View All Release Announcements »

Exploring Wolfram Language V14.2  »(VIDEO)


Launching Version 14.2 of Wolfram Language & Mathematica: Big Data Meets Computation & AI

The Drumbeat of Releases Continues…

Just under six months ago (176 days ago, to be precise) we released Version 14.1. Today I’m pleased to announce that we’re releasing Version 14.2, delivering the latest from our R&D pipeline.

This is an exciting time for our technology, both in terms of what we’re now able to implement, and in terms of how our technology is now being used in the world at large. A notable feature of these times is the increasing use of Wolfram Language not only by humans, but also by AIs. And it’s very nice to see that all the effort we’ve put into consistent language design, implementation and documentation over the years is now paying dividends in making Wolfram Language uniquely valuable as a tool for AIs—complementing their own intrinsic capabilities.

But there’s another angle to AI as well. With our Wolfram Notebook Assistant launched last month we’re using AI technology (plus a lot more) to provide what amounts to a conversational interface to Wolfram Language. As I described when we released Wolfram Notebook Assistant, it’s something extremely useful for experts and beginners alike, but ultimately I think its most important consequence will be to accelerate the ability to go from any field X to “computational X”—making use of the whole tower of technology we’ve built around Wolfram Language.

So, what’s new in 14.2? Under the hood there are changes to make Wolfram Notebook Assistant more efficient and more streamlined.

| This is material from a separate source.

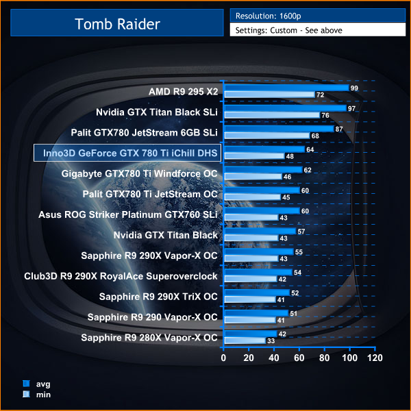 Tomb Raider is still perfectly playable at 1600p while maintaining maximum image quality settings. The Inno3D GeForce GTX 780 Ti iChill DHS claims the top spot in our tests, averaging 64 frames per second.

But there are also lots of visible extensions and enhancements to the user-visible parts of the Wolfram Language. In total there are 80 completely new functions—along with 177 functions that have been substantially updated.

There are continuations of long-running R&D stories, like additional functionality for video, and additional capabilities around symbolic arrays. Then there are completely new areas of built-in functionality, like game theory. But the largest new development in Version 14.2 is around handling tabular data, and particularly, big tabular data. It’s a whole new subsystem for Wolfram Language, with powerful consequences throughout the system. We’ve been working on it for quite a few years, and we’re excited to be able to release it for the first time in Version 14.2.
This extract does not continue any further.